[DATA FOR THIS EXERCISE — start]
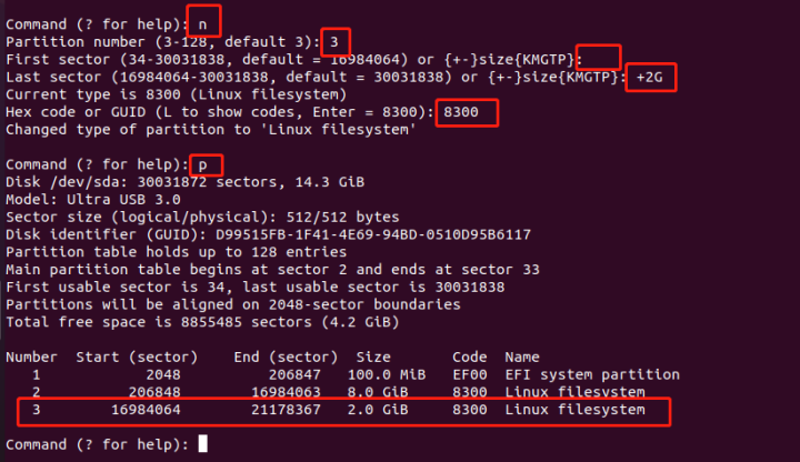 创建home分区,大小2G,分区号3,分区类型代码 8300
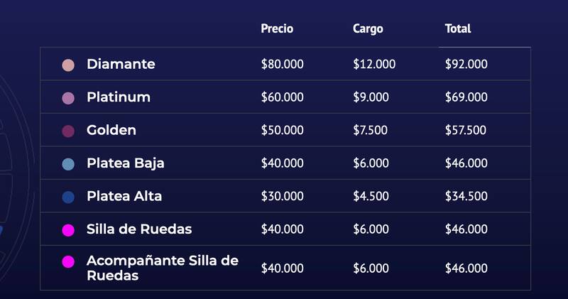 Los valores de los tickets van desde los $34.500 para el sector de tribuna, hasta los $92.000 para diamante (incluido el cargo por servicio).
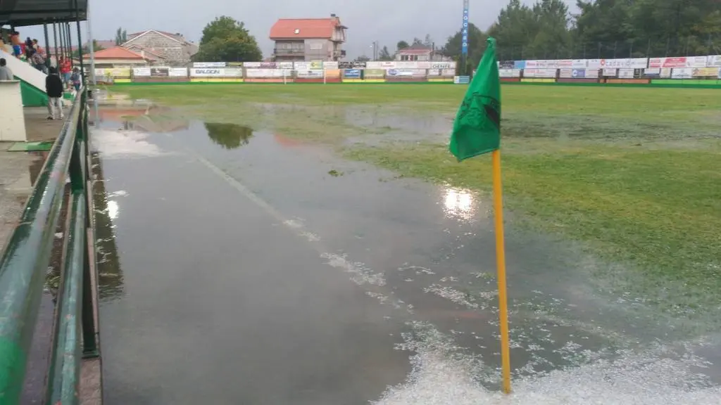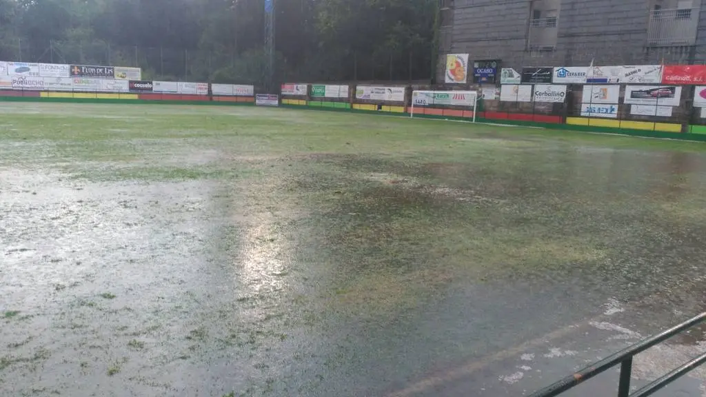 En el minuto 71 el granizo volvió a hacer acto de presencia dejando el Municipal de Espiñedo totalmente anegado e impracticable, lo que provocó la suspensión definitiva de un encuentro que deberá terminarse en un día a decidir entre la Federación Galega de Fútbol y ambos conjuntos.
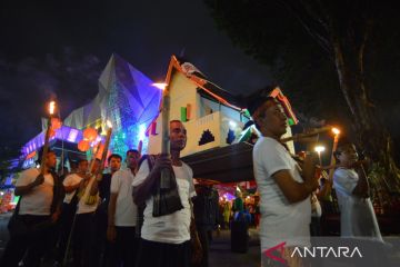 Peserta membawa miniatur rumah Gadang saat mengikuti pawai Telong-telong di Padang, Sumatera Barat, Selasa (6/8/2024). Pawai yang menampilkan lampion tradisional dengan berbagai bentuk dan miniatur itu digelar dalam rangka HUT ke-355 kota Padang dan diikuti ratusan peserta dari berbagai kecamatan. ANTARA FOTO/Iggoy el Fitra/pras.
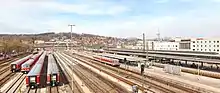 Shorter trip times, as well as the move of the single-track train crossing points between Tuttlingen and Sigmaringen, would also be the pre-requisites for the development of a Stadtbahn Tuttlingen, which has been under discussion since 2006. This model would use the Donautalbahn, which runs through the city center, as well as residential and industrial areas in the Tuttlingen area, as a city rail line (Stadtbahn), and would connect the communities east of Tuttlingen, which are poorly served by the Ringzug, to this network.[7] Probably the most ambitious plans are the ones for a S-Bahn network Ulm/Neu-Ulm. These plans, extant since the 1990s, envision the construction of a new rail line, which would branch off the existing Donautalbahn in Ehingen (Donau) and go to Erbach (Donau) on the Südbahn. This new railway would see only the RegionalExpress trains going from Ulm via Sigmaringen to Neustadt (Schwarzwald), which would significantly cut the trip times. The old section between Ehingen via Blaubeuren, which is densely populated, would be served by a new S-Bahn in the Ulm area. The new section has been tagged with a cost of 75 million Euros. The regional association Donau-Iller supports these plans, which are opposed by the government of the state of Baden-Württemberg.[8][9]
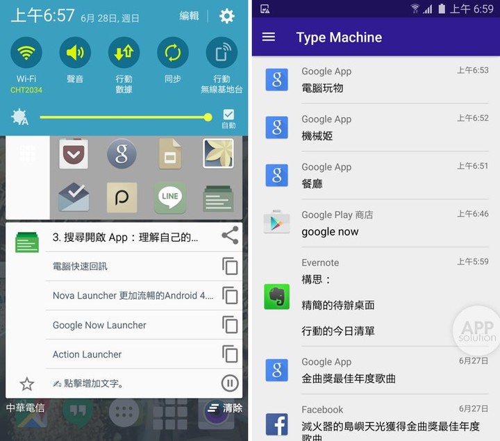 这部分我用 Pushbullet、剪纸堆、Type Machine 三个 App 建立起我的工作流程,Pushbullet 的用途是让我在电脑手机之间同步剪贴的文字内容,而「剪纸堆」可以储存多笔剪贴内容,然后 Type Machine 又能记住我在任何 App 输入过的非密码内容。
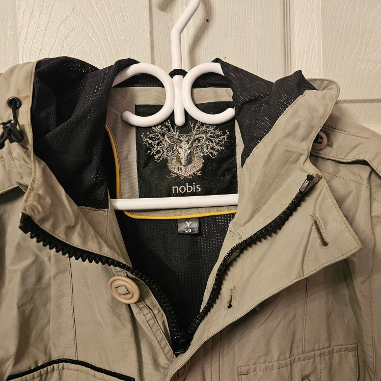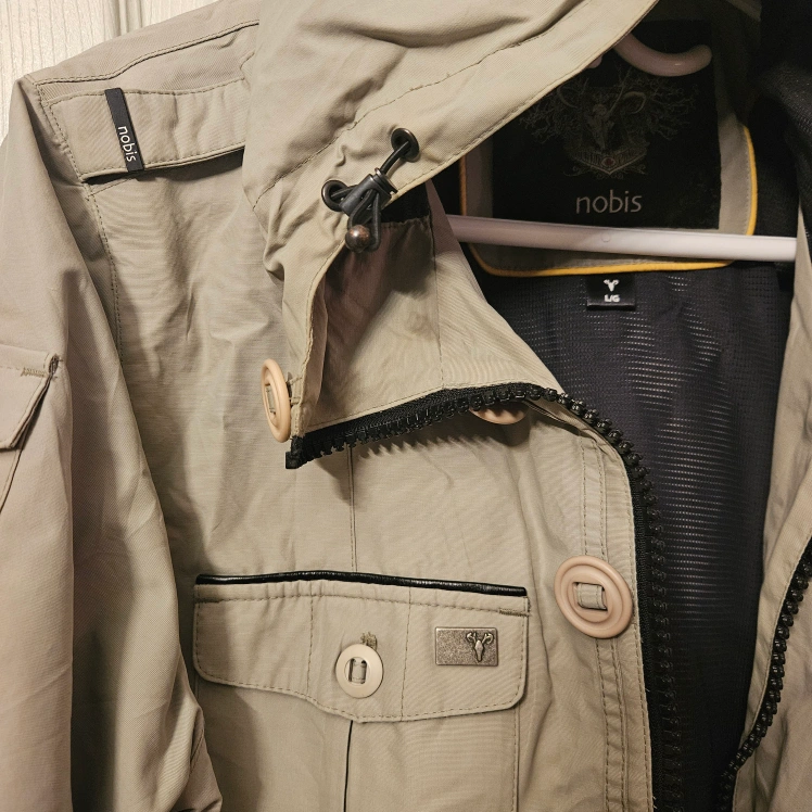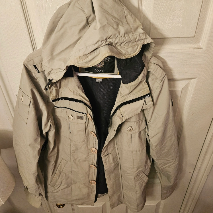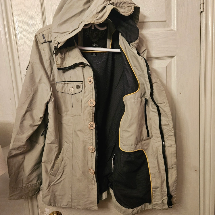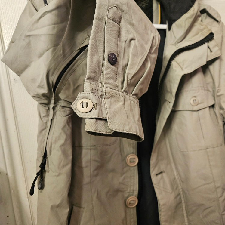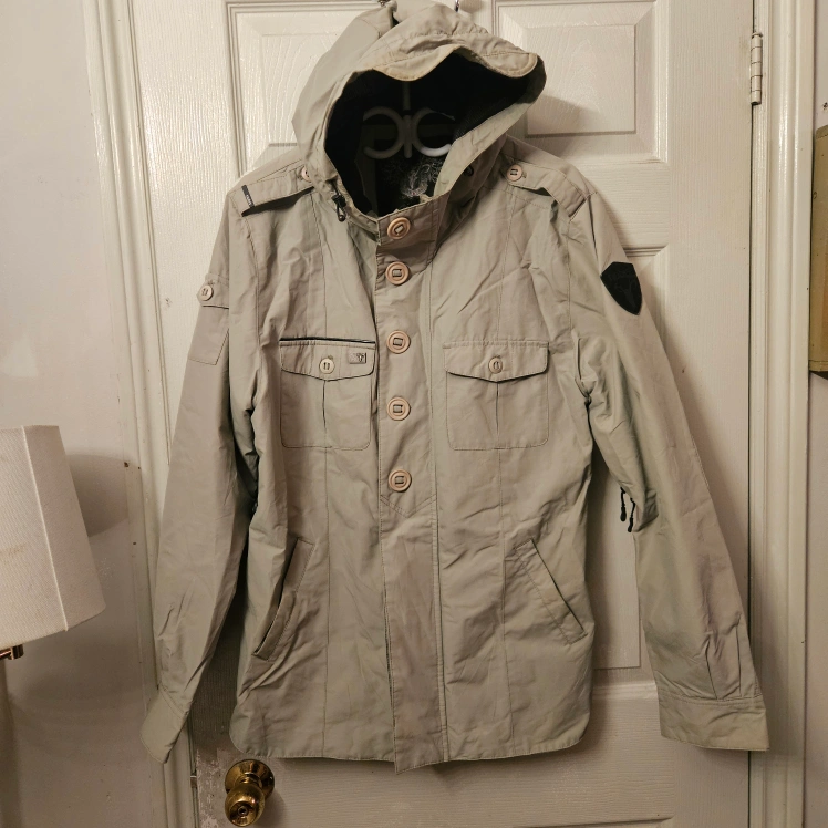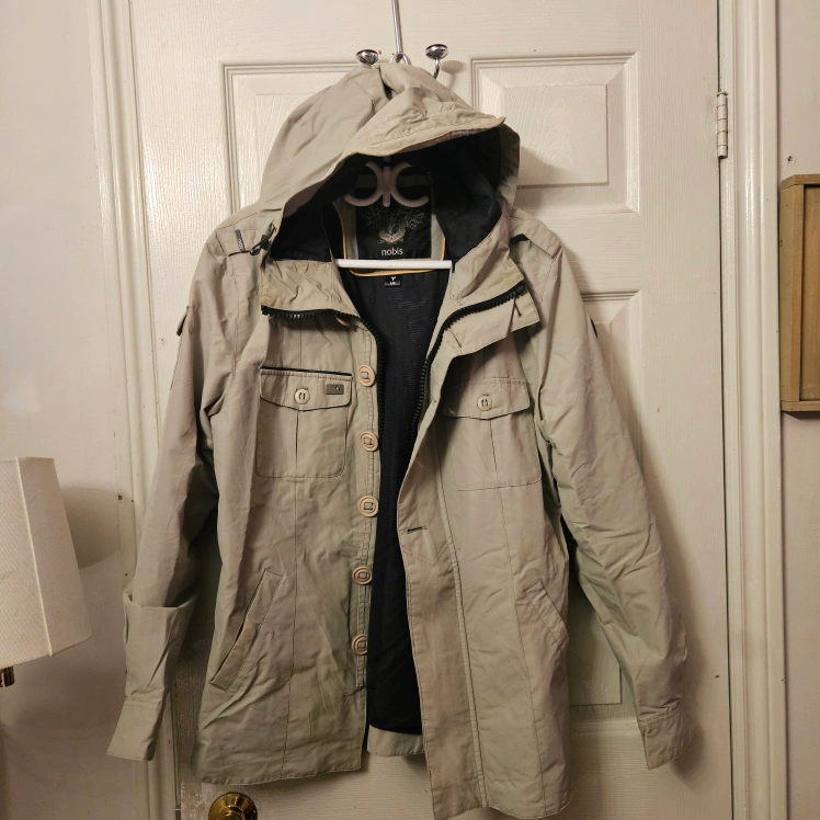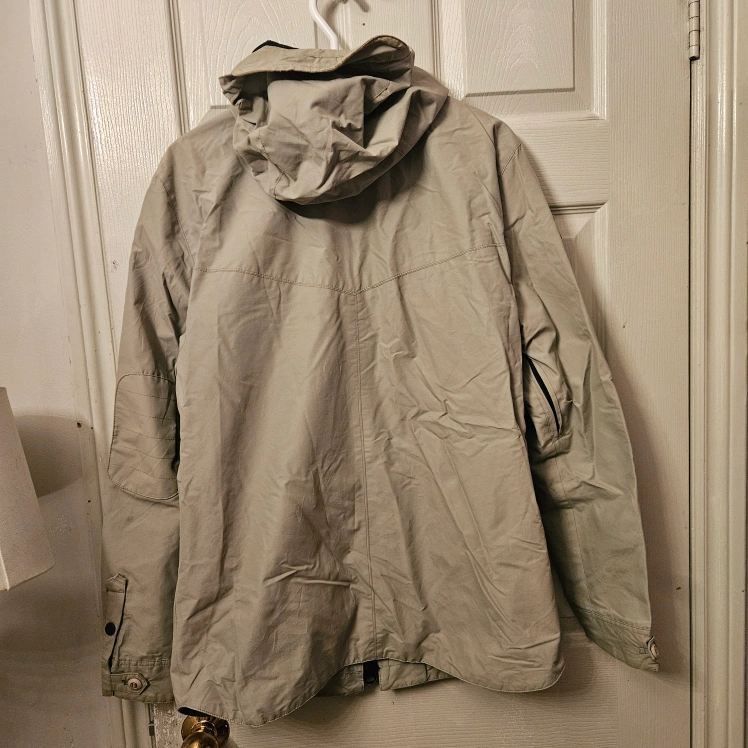 255Very lightly worn, like new. Men's light tan jacket with a hood. Features multiple pockets and a zipper and button closure. Size Large. • Premium Cotton/Nylon fabrication • Chest pockets • Interior zip pocket • Embrace membrane lamination • Seam seal construction • Windproof, waterproof and breathable • Designed in Canada pickup at ossington station.
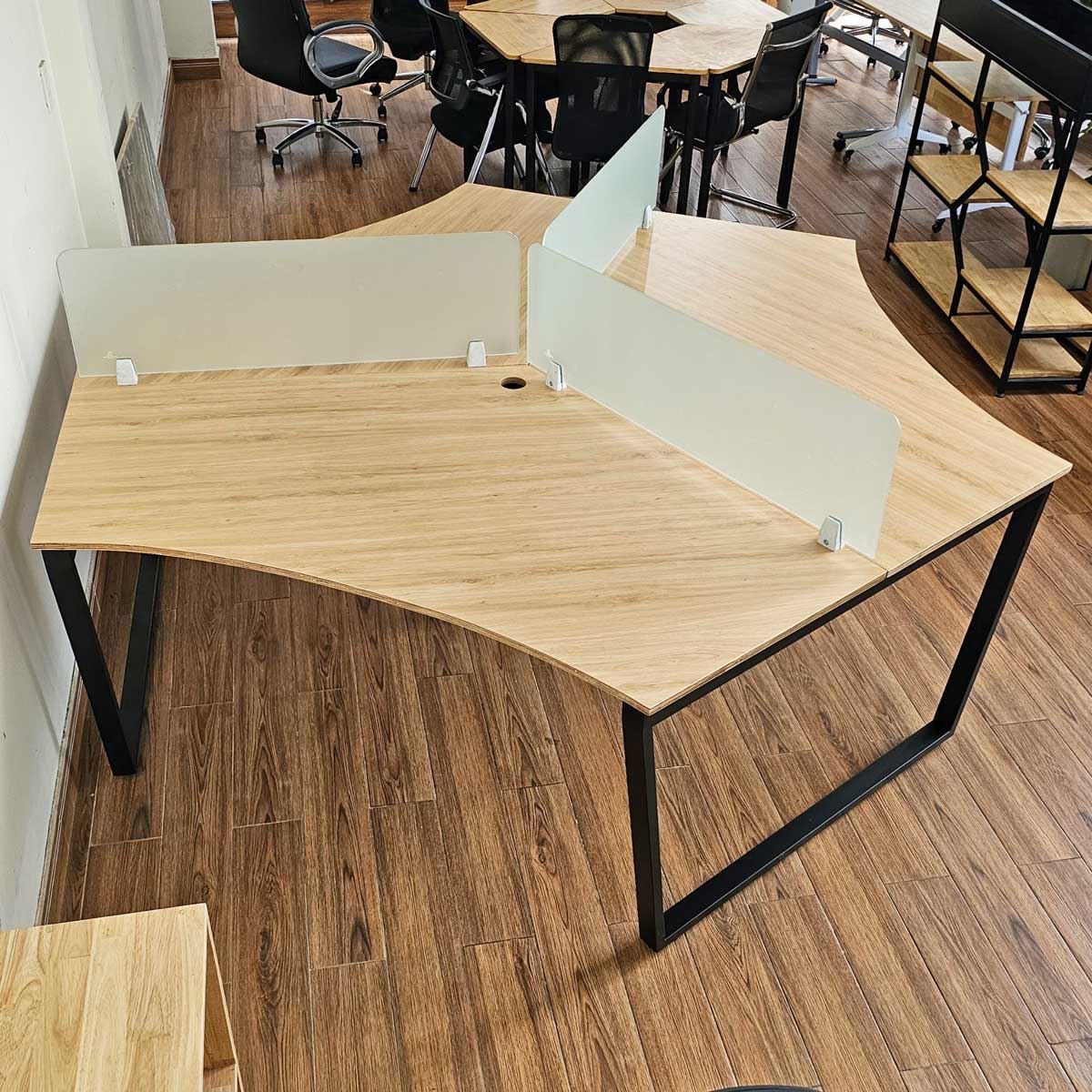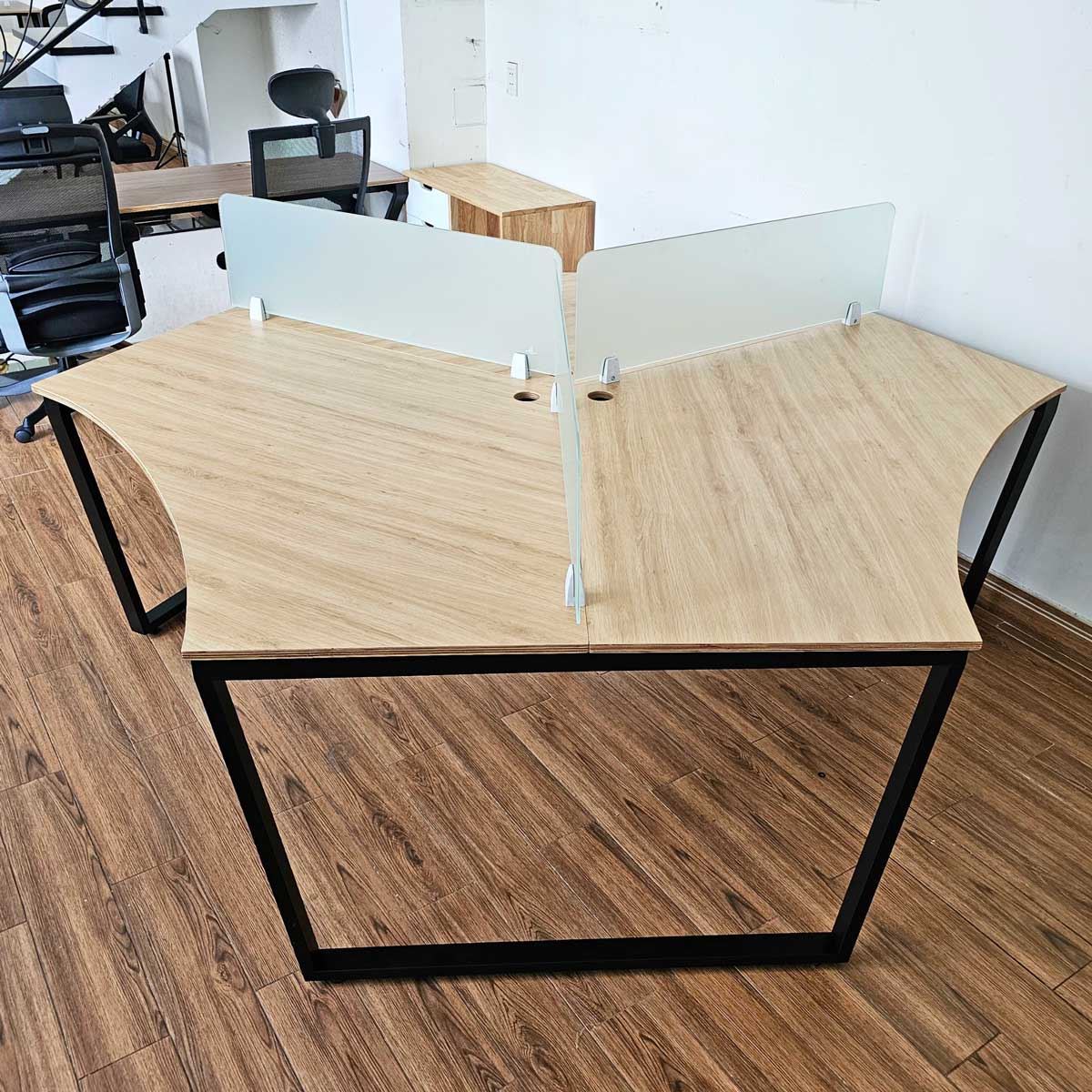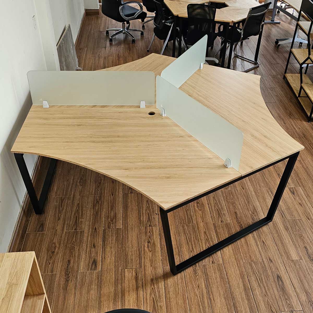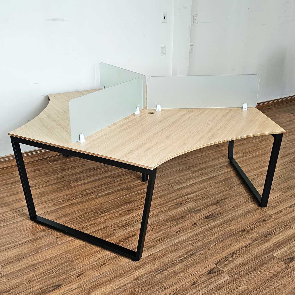 Bàn Cụm 3 HBTC025 Trapeze Concept chân sắt chữ nhật 25x50mm. với mặt bàn gỗ plywood cốt gỗ tự nhiên bề mặt phủ melamin, đã được xử lý chống thấm nước. Bề mặt có 3 tùy chọn vân gỗ hoặc vân bê tông độc đáo chắc chắn là điểm nhấn thú vị cho không gian làm viêc của bạn. Kết hợp với mặt bàn Plywood là hệ khung chân sắt theo cơ cấu lắp ráp ngàm thông minh, tiện lợi nhưng vẫn đảm bảo độ chắc chắn, bên cạnh đó bề mặt chân sắt được phủ lớp sơn tĩnh điện cao cấp làm hạn chế ăn mòn hoá học giúp sản phẩm có độ bền cao hơn.
[DATA FOR THIS EXERCISE — finish]
▶ EXERCISE INSTRUCTIONS: Each entry above should come back word for word, and no picture should come with it.

▶ YOUR SOLUTION:
 创建home分区,大小2G,分区号3,分区类型代码 8300
 Los valores de los tickets van desde los $34.500 para el sector de tribuna, hasta los $92.000 para diamante (incluido el cargo por servicio).
 En el minuto 71 el granizo volvió a hacer acto de presencia dejando el Municipal de Espiñedo totalmente anegado e impracticable, lo que provocó la suspensión definitiva de un encuentro que deberá terminarse en un día a decidir entre la Federación Galega de Fútbol y ambos conjuntos.
 Peserta membawa miniatur rumah Gadang saat mengikuti pawai Telong-telong di Padang, Sumatera Barat, Selasa (6/8/2024). Pawai yang menampilkan lampion tradisional dengan berbagai bentuk dan miniatur itu digelar dalam rangka HUT ke-355 kota Padang dan diikuti ratusan peserta dari berbagai kecamatan. ANTARA FOTO/Iggoy el Fitra/pras.
 Shorter trip times, as well as the move of the single-track train crossing points between Tuttlingen and Sigmaringen, would also be the pre-requisites for the development of a Stadtbahn Tuttlingen, which has been under discussion since 2006. This model would use the Donautalbahn, which runs through the city center, as well as residential and industrial areas in the Tuttlingen area, as a city rail line (Stadtbahn), and would connect the communities east of Tuttlingen, which are poorly served by the Ringzug, to this network.[7] Probably the most ambitious plans are the ones for a S-Bahn network Ulm/Neu-Ulm. These plans, extant since the 1990s, envision the construction of a new rail line, which would branch off the existing Donautalbahn in Ehingen (Donau) and go to Erbach (Donau) on the Südbahn. This new railway would see only the RegionalExpress trains going from Ulm via Sigmaringen to Neustadt (Schwarzwald), which would significantly cut the trip times. The old section between Ehingen via Blaubeuren, which is densely populated, would be served by a new S-Bahn in the Ulm area. The new section has been tagged with a cost of 75 million Euros. The regional association Donau-Iller supports these plans, which are opposed by the government of the state of Baden-Württemberg.[8][9]
 这部分我用 Pushbullet、剪纸堆、Type Machine 三个 App 建立起我的工作流程,Pushbullet 的用途是让我在电脑手机之间同步剪贴的文字内容,而「剪纸堆」可以储存多笔剪贴内容,然后 Type Machine 又能记住我在任何 App 输入过的非密码内容。
 255Very lightly worn, like new. Men's light tan jacket with a hood. Features multiple pockets and a zipper and button closure. Size Large. • Premium Cotton/Nylon fabrication • Chest pockets • Interior zip pocket • Embrace membrane lamination • Seam seal construction • Windproof, waterproof and breathable • Designed in Canada pickup at ossington station.
 Bàn Cụm 3 HBTC025 Trapeze Concept chân sắt chữ nhật 25x50mm. với mặt bàn gỗ plywood cốt gỗ tự nhiên bề mặt phủ melamin, đã được xử lý chống thấm nước. Bề mặt có 3 tùy chọn vân gỗ hoặc vân bê tông độc đáo chắc chắn là điểm nhấn thú vị cho không gian làm viêc của bạn. Kết hợp với mặt bàn Plywood là hệ khung chân sắt theo cơ cấu lắp ráp ngàm thông minh, tiện lợi nhưng vẫn đảm bảo độ chắc chắn, bên cạnh đó bề mặt chân sắt được phủ lớp sơn tĩnh điện cao cấp làm hạn chế ăn mòn hoá học giúp sản phẩm có độ bền cao hơn.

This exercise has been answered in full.